Читаем Я, Богдан (Исповедь во славе) полностью

В своих романах мне хотелось не просто показать времена Ярослава Мудрого или Богдана Хмельницкого, не просто сделать попытку реконструкции той или иной эпохи. Речь шла о большем. Хотелось показать неразрывность времен, показать, что великое наше историческое наследие не существует самодовлеюще, а входит в наш день насущный, влияет на вкусы наши и чувствования, формирует в нас патриотическое сознание, ощущение красоты и величия, мы же платим своим далеким предкам тем, что относимся к прошлому с подобающим уважением, охраняем и защищаем это наследие. Сказано глубоко верно: "История принадлежит поэтам" (А.С.Пушкин).

Да, история жива! Вот смысл всех моих писаний на темы исторические. И я бесконечно благодарен читателям за поддержку, понимание и веру.

Сколько еще исторических эпох, событий, имен, которые мы обязаны возродить и сделать своими современниками!

Для украинцев самые великие имена их истории и их духа: Шевченко, Хмельницкий, Сковорода.

При Хмельницком украинский народ родился, заявив о себе миру.

Шевченко дал этому народу самосознание.

Сковорода пробовал умом великим расшатать аморфность существования казацких старшин и новопожалованного дворянства.
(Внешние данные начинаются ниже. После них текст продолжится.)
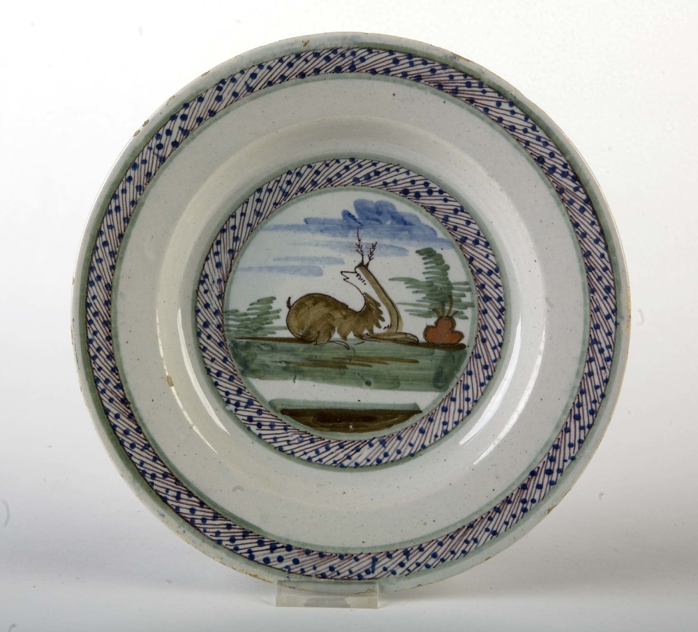 Bord van aardewerk met voorstelling, uit de 18de eeu...

Об этих трех великих сынах моего народа много написано. Достаточно ли? Этого никто не знает. Каждая эпоха имеет право сказать о них свое слово.

Так возникло дерзкое намерение написать роман о Богдане Хмельницком. Если о Шевченко должна когда-то появиться Книга Духа украинского народа, о Сковороде - Книга Разума, то о Богдане мыслилась Книга Народа нашего.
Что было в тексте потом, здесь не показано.